Introduction to SportsLabKit#

This quick tutorial introduces the key concepts and basic features of SportsLabKit to help you get started with your projects.

Multiple Object Tracking in `SportsLabKit`#

In a broad definition, Multiple Object Tracking (MOT) is the problem of automatically identifying multiple objects in a video and representing them as a set of trajectories.

The typical approach to MOT algorithms follows the tracking-by-detection paradigm, which attempts to solve the problem by first detecting objects in each frame and then associating them with the objects in the previous frame.

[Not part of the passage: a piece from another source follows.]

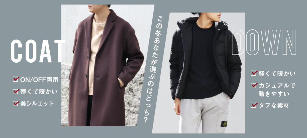 今回はコート派とダウン派にわけて、今季おすすめのアイテムをご紹介します!!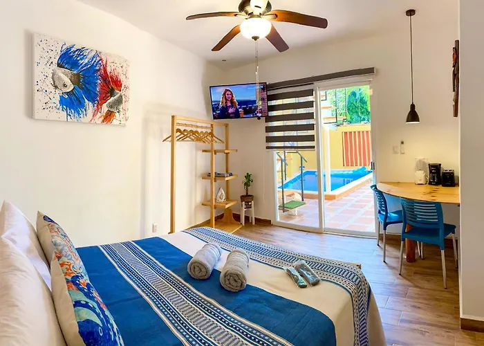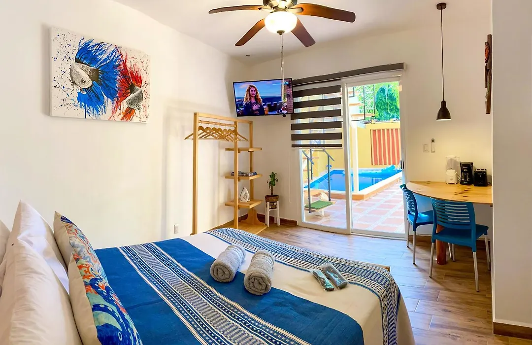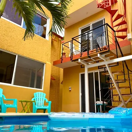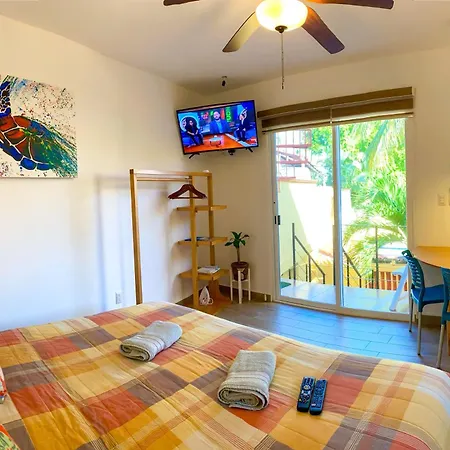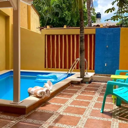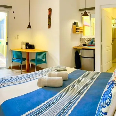 Posada San Juan カンクンアパートにはテラスがあり、カンクンから徒歩で5分の場所に位置しています。 28市場はアパートから1.8km離れた所で、プラヤ・パライソから4.7km先にあります。

One large challenge in the tracking-by-detection paradigm is scalability. The detection model is typically a deep learning model, which is computationally expensive. The association model is also computationally expensive, as it requires reID features to be extracted for each bounding box. Recent approaches, such as TrackFormer/TransTrack, have attempted to address this challenge by using a single deep learning model to perform both detection and association. However, there is no clear consensus on the best approach to MOT as tracking-by-detection models are still competitive (ByteTrack/BoT-SORT/Strong-SORT).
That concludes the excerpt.